Answer 17 · 2019-02-04T08:08:46.000Z

An option to get a reliable stack trace on Linux is to use dlopen(foo.so, RTLD_NODELETE) at library loading. This keeps the lib loaded at exit and let ASAN resolve symbols and report memleaks correctly.

Answer 18 · 2019-04-18T10:00:34.000Z

@bungow Thanks that worked, but you might want to return 0;!

#include <stdio.h>
int dlclose(void*) { return 0; }

clang++ --shared dlclose.c -o libdlclose.so
LD_PRELOAD="./libdlclose.so" ./my_command

Note the ./, otherwise it won't find it.

Answer 19 · 2019-04-18T10:03:00.000Z

Also, since there is a decent workaround, perhaps at the point where it prints <unknown module> it could instead print <unknown module; see https://..../dlopen_workaround.html>?

Answer 20 · 2019-09-27T10:15:56.000Z

I came across this problem again and had zero memory of it ever happening before. Thanks past self! I will make a PR to get a help message added to the output.

Answer 21 · 2019-09-27T13:54:06.000Z

Even better if there could also be a mechanism to detect running under ASAN, so we could implement the workaround reliably. It would probably be very minimal effort, but would be very useful.

Answer 22 · 2019-10-03T13:49:47.000Z

That's a good point. Since ASAN intercepts some methods already, can it not also intercept dlclose()? I don't think there are any downsides to dlclose() being a NOP. On Mac at least it sometimes does nothing anyway.

Answer 23 · 2020-06-05T07:01:26.000Z

@Timmmm did you explore your potential solution? I think this would be great.

Answer 24 · 2020-06-05T09:37:09.000Z

I could imagine certain apps to expect dlclose() to work, so that it's possible to load a library twice.

Answer 25 · 2020-06-05T09:39:48.000Z

@ramosian-glider that's probably true, however what's the more common case?

We could have this as the default behavior, but an ASAN_OPTIONS flag to disable it.

Answer 26 · 2020-06-05T15:03:52.000Z

@Timmmm did you explore your potential solution? I think this would be great.

No, sorry! I just use the LD_PRELOAD trick.

Answer 27 · 2020-06-05T15:13:22.000Z

@Timmmm no worries, it already helped me a lot to find this trick here. I just think we could save a lot of manhours in finding the same solution for everybody here.

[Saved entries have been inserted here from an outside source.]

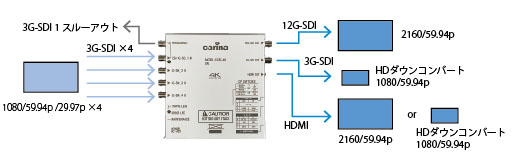 4K 3G-SDI×4出力を搭載した機器などの入力信号を12G-SDI、3G-SDI、HDMIのすべての出力端子から同時に出力できます。HDMIは4KもしくはダウンコンバートしたHDを選択できます。
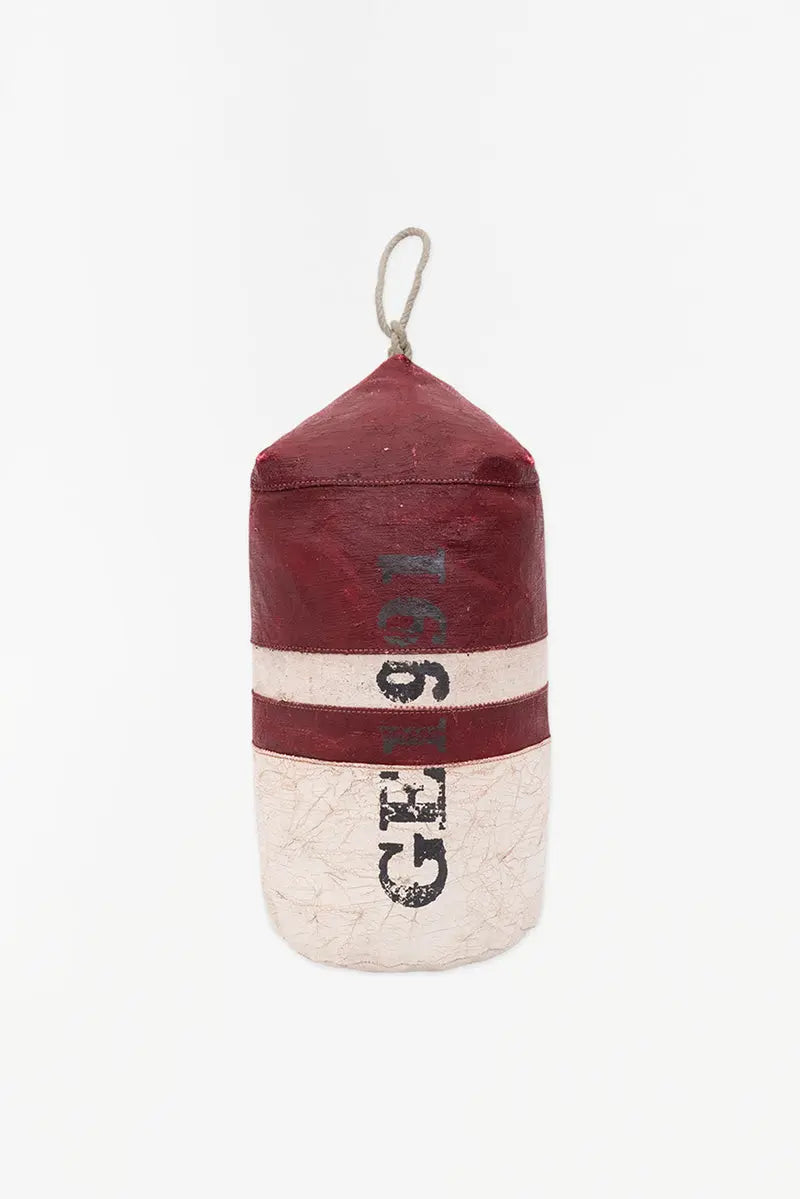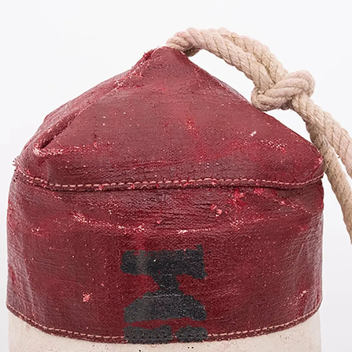 Sujetapuertas con forma de boya. Está pintado con una terminación envejecida que le confiere el aspecto de las verdaderas boyas de puerto. Dimensiones: h: 30 cm – ø: 15 cm.
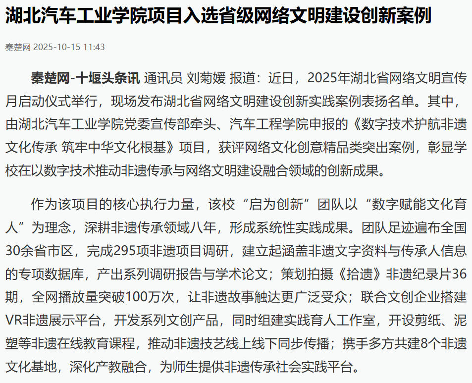 【荆楚网】数字护航非遗!9428cn太阳集团项目入选省级网络文明建设创新案例
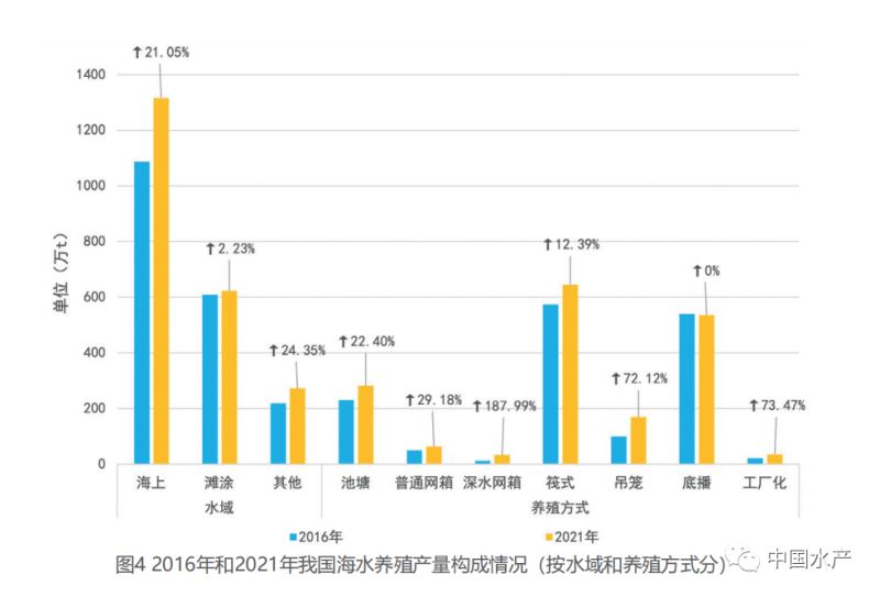 海水养殖产量总体上呈上升趋势。从2016年和2021年我国海水养殖产量构成情况(按水域和养殖方式分,见图4)看,2021年,海水养殖产量比2016年增加259.83万t、增长15.45%。其中:按养殖水域分,海上、滩涂、其他水域分别增长21.05%、2.23%和24.35%;按养殖方式分,尤以深水网箱、工厂化、吊笼发展最快,2021年分别比2016年增长187.99%、73.47%和72.12%,其次是普通网箱、池塘、筏式养殖,分别增长29.18%、22.40%和12.39%,底播增殖保持相对稳定。
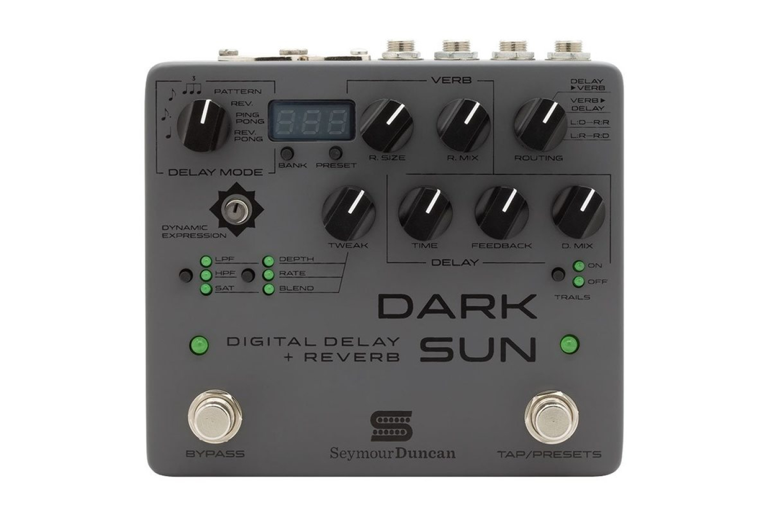 У SEYMOUR DUNCAN DARK SUN DELAY/REVERB доступно 4 шаблони: четвертні ноти, восьмі з точками, восьмі та тріолі. Ви можете встановити темп за допомогою кнопки Tap, регулятора Time або MIDI, а час може відображатися в мілісекундах або ударах у хвилину (це можна встановити, утримуючи перемикач trails при включенні живлення пристрою). Він повністю підтримує MIDI-з'єднання й оснащений портом micro-USB для оновлення прошивки та управління пресетами.
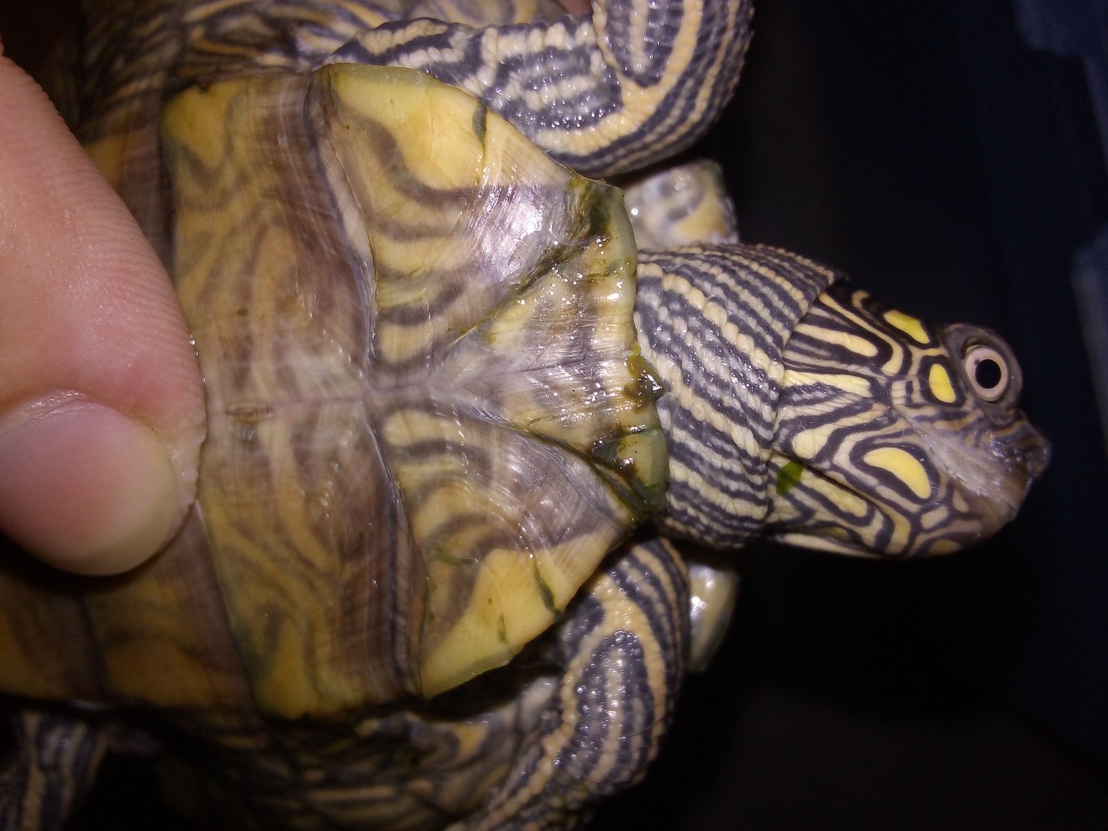 Al grano, voy a adoptar una tortuga Graptemys ouachitensis (la especie no la tengo muy clara, me pereció ver una marca debajo del globo ocular) y quería saber desde la experiencia cual sería el medio de transporte ideal para traerla a casa. Yo tengo pensado en una pequeña caja de zapatos acolchada con hojas de plantas comestibles y con agujeros en la parte superior: ¿que os parece?
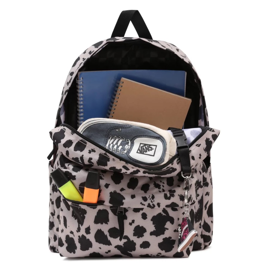 The Old Skool H2O Backpack is a favorite for good reason. This classic backpack features an all-purpose, two pocket design with an organizer in the front to ensure that your important items stay neatly arranged, an interior laptop sleeve so you can safely take your gear on the go, and a side water bottle pocket for easy hydration. Heritage details like the woven logo label and allover print bring an Off The Wall touch to this iconic design.Does not come with water bottle or laptop.
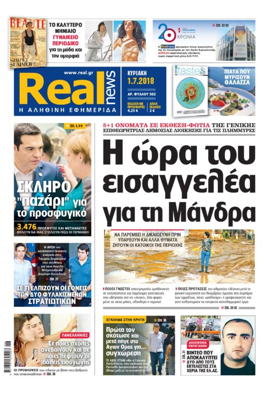 Με τίτλο: «Η ώρα του εισαγγελέα για τη Μάνδρα», κυκλοφορεί σήμερα η Realnews.
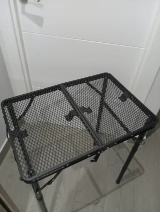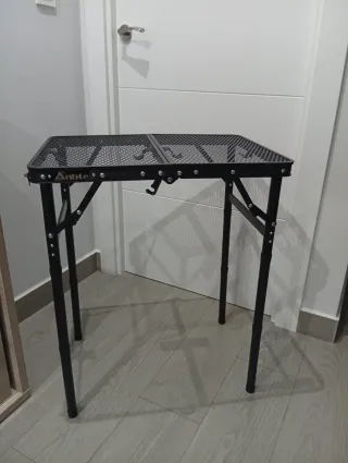 Mesa de camping plegable, ideal para llevar a tus salidas al aire libre. Su diseño permite un montaje y desmontaje rápido. La Altura de Anbte Pequeña Mesa Plegable Es Ajustable entre 23cm, 46cm y 70cm El Tablero de La Mesa Está Diseñado con Una Malla Metálica Recubierta Única Que Evita Que El Tablero de La Mesa Se Oxide o Se Deforme Debido al Agua Estancada. Y Reduce Las Manchas Superficiales, Que Se Pueden Quitar Fácilmente Simplemente Limpiando con Una Toalla de Papel Húmeda. Esta nueva, sin usar. - Superficie de rejilla metálica. - Patas ajustables en altura. - Estructura robusta.
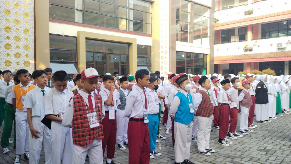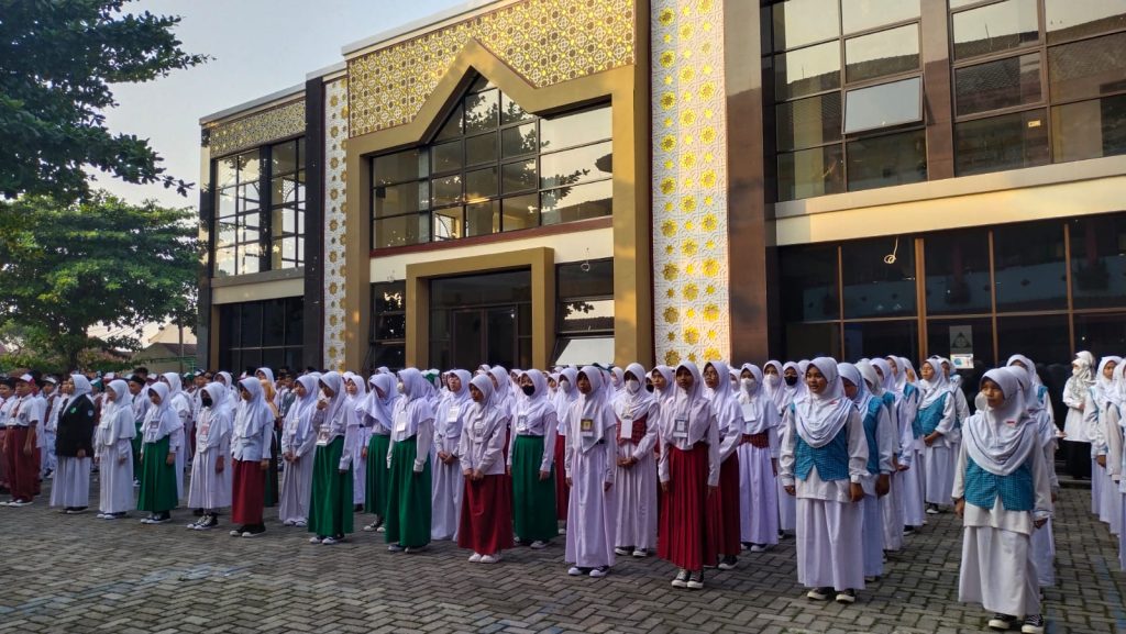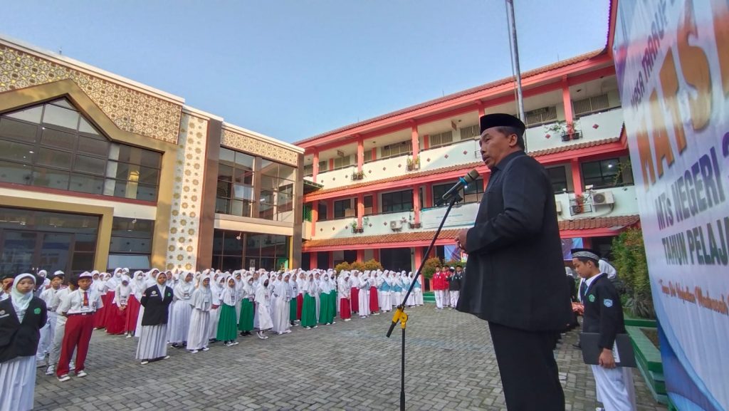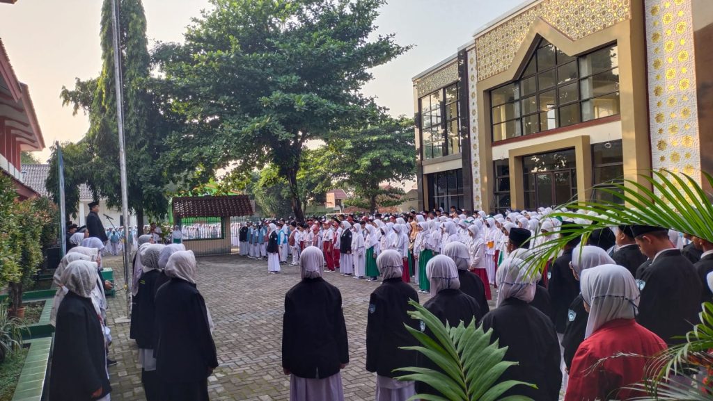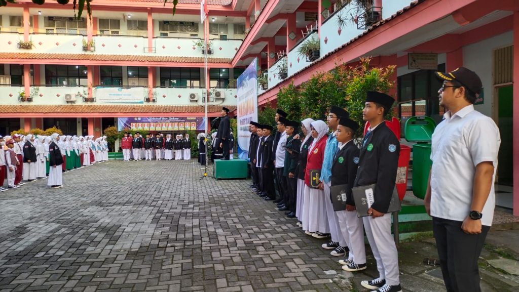 Upacara bendera sekaligus pembukaan Matsama 2023/2024 diikuti oleh seluruh siswa, tenaga pendidik dan tenaga kependidikan di halaman madrasah. Sebagai petugas upacara anggota OSIS.
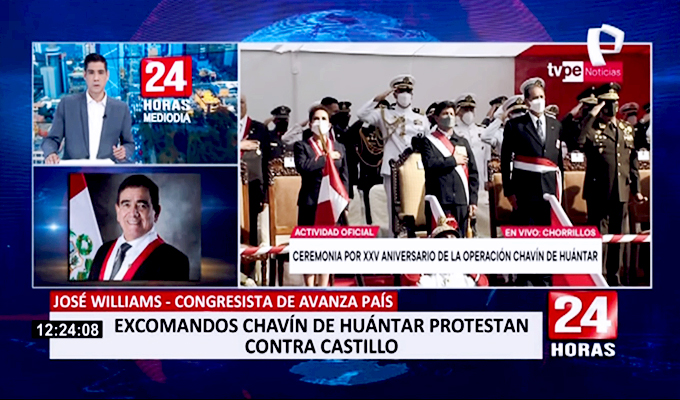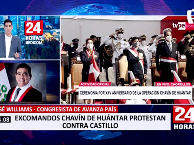 José Williams, congresista de Avanza País, conversó con Paco Flores para 24 Horas Mediodía sobre el desaire que el presidente Pedro Castillo recibió de varios ex comandos del reconocido Operativo Chavín de Huántar, quienes no dieron sus saludos al mandatario y, algunos, optaron por retirarse de la ceremonia.
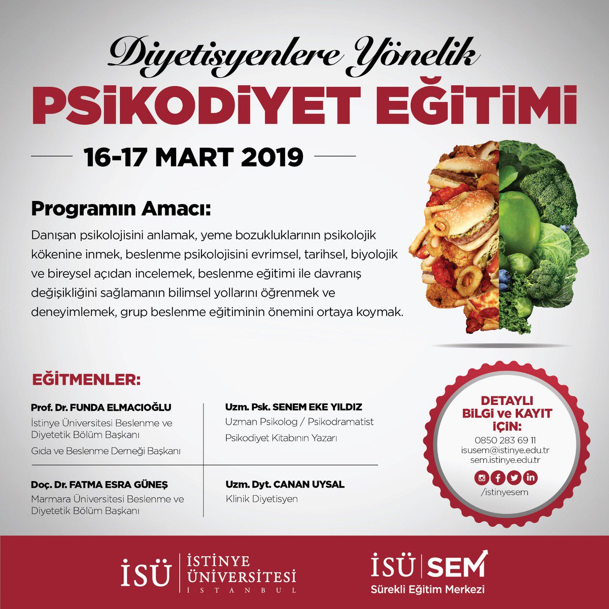 İstinye Üniversitesi Sağlık Bilimleri Fakültesi Beslenme ve Diyetetik Bölüm Başkanı Prof. Dr. Funda Elmacıoğlu koordinatörlüğünde yürütülen programda, eğitmen olarak “Psikodiyet” kitabının yazarı Uzm. Psk. Senem Eke Yıldız, Marmara Üniversitesi SBF Beslenme ve Diyetetik Bölüm Başkanı Doç. Dr. Fatma Esra Güneş ve Üsküdar Üniversitesi SBF Beslenme ve Diyetetik Bölümü Öğretim Görevlisi Uzm. Dyt. Canan Uysal görev aldı.

Answer 28 · 2020-11-04T13:12:08.000Z

The downside that I see with removing/disabling dlclose() while sanitizing using any of the methods described is that static memory in the dynamic library won't be freed, so pointers to heap allocated memory stored in static variables will no longer be detected as leaks by LeakSanitizer, while in production code they would be actual leaks.

Answer 29 · 2021-07-02T09:18:11.000Z

This is a bit of a pain for us as we have nearly 200 dynamicaly loaded modules and no idea which one is leaking. (A marginal number of bytes, but still)

Unfortunately not calling dlclose(), making it a no-op, or using RTLD_NODELETE means we no longer see the memory leak, as @antoneliasson mentioned.

Answer 30 · 2022-02-03T11:07:56.000Z

Valgrind supports this feature since https://bugs.kde.org/show_bug.cgi?id=79362 with the parameter --keep-debuginfo=yes

Answer 31 · 2022-11-22T13:32:42.000Z

I ran into this issue, and the work-arounds of not unloading the library didn't work for me,
since the leak was only detected when the library was unloaded.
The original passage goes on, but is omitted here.